The removal of that tax relief is tempting more and more landlords to incorporate their buy to let business as a limited liability company.

As we highlighted in December, almost two-thirds of all landlords owning portfolios of eleven or more buy to let properties intend to purchase any further acquisitions through a limited liability company. Of the remainder – those landlords owning up to ten such properties – 62% also plan to buy through a limited liability company.

Why has there been such a marked shift towards incorporation – and might you be tempted to do the same?

The advantages of incorporation

The Residential Landlords’ Association (RLA) explains that incorporation involves the transfer of ownership from the individual landlord to the company he or she has set up.

With that transfer of ownership, tax liabilities are also transferred to the company. Instead of paying income tax on the profits of the buy to let business, the landlord’s company becomes responsible for corporation tax.

For landlords privately owning buy to let property, income tax on earnings up to £50,000 a year are taxed at the basic rate of 20%; on earnings between £50,000 and £150,000 a year, you are taxed at a rate of 40%; and if you earn more than £150,000, you pay the additional rate of income tax of 45%.

As a limited liability company, on the other hand, the earnings from your portfolio of buy to let properties are taxed at a standard rate of just 19%.

Is it worth it?

Although there are tax advantages in forming a limited liability company for your buy to let business, the savings all depend on the rate at which you would be paying income tax.

Certainly, if you are in the higher or additional tax rate bands – of 40% and 45% respectively – those savings may appear well worth the effort.

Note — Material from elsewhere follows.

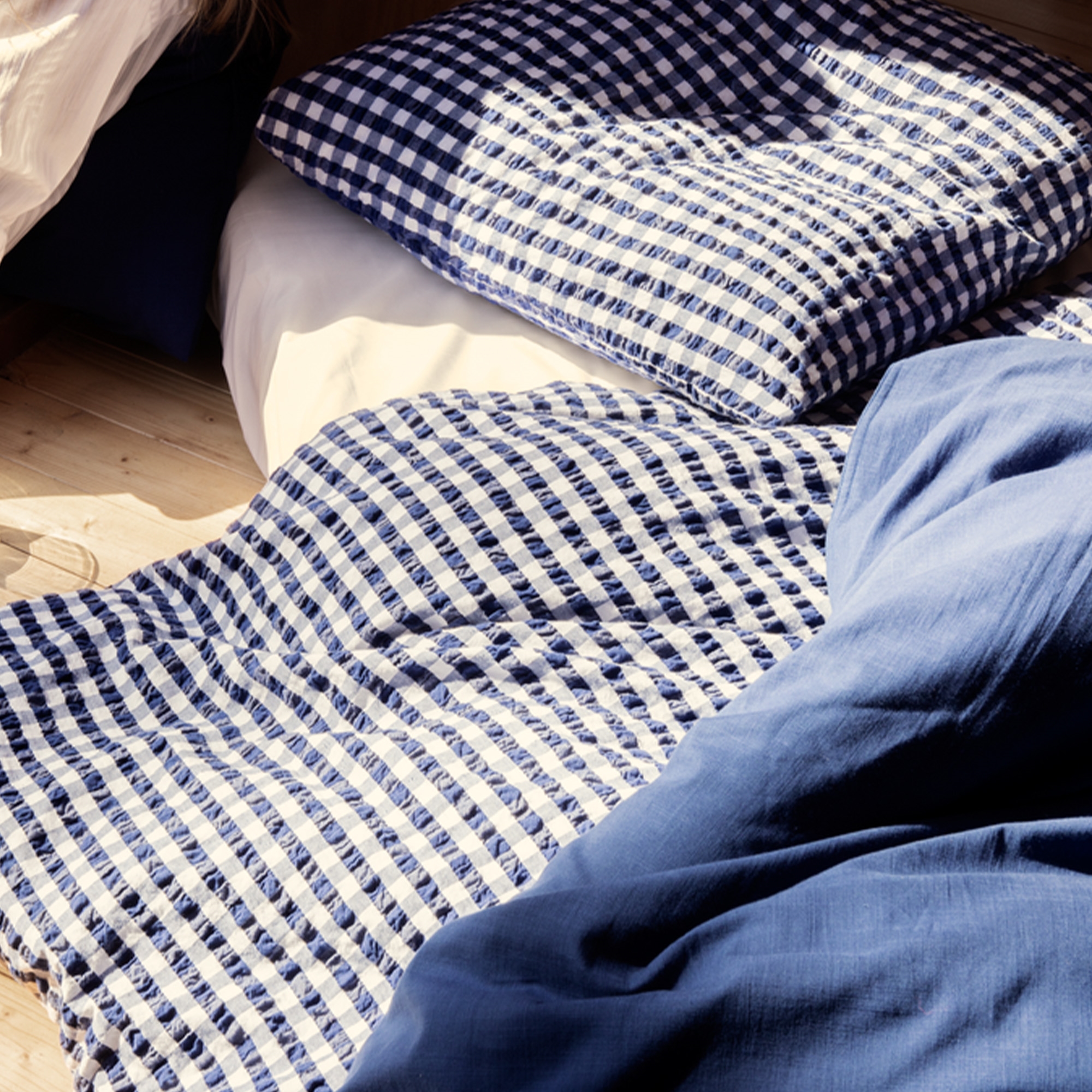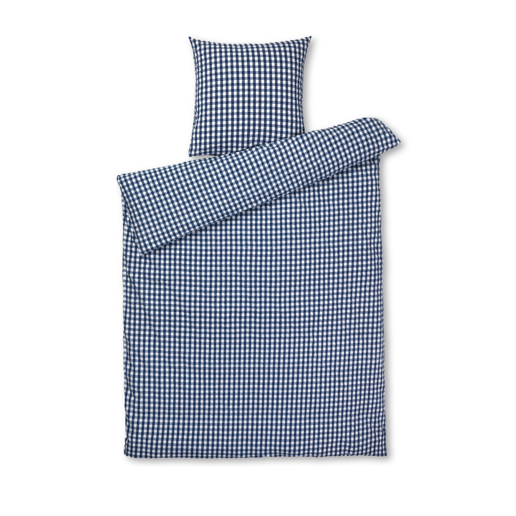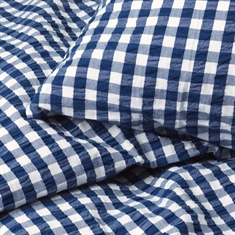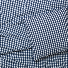 Den mjuka bomullen i kombination med den skrynkliga strukturen ger en unik känsla av lyx. Samtidigt är sängkläderna praktiska i vardagen, då de inte kräver strykning och behåller sitt fina uttryck tvätt efter tvätt. De fina rutorna i mörkblått ger ett lugnt och stilrent uttryck som passar både moderna och klassiska sovrum.

If you pay income tax at the basic rate of 20%, however, the 1% saving by switching to corporation tax is doubtful. That is because there are several costs involved in setting up and maintaining a limited liability company:

  • the transfer from private to company ownership of your property, for example, might mean you having to remortgage – and pay the fees involved;
  • there are – relatively modest – legal costs involved in setting up the company, filing annual returns to Companies House and the regular fees you need to pay an accountant;
  • you might also want to maintain a registered legal address for the company – separate from your home address; and
  • might also need to consider setting up a business bank account for the company.

If you own a large portfolio of buy to let properties, are planning to expand, and your earnings take you into higher income tax bands, you may benefit from switching ownership of your portfolio to a limited liability company. If you own a single buy to let property, however, any gain is likely to be offset by the cost of setting up and maintaining a company.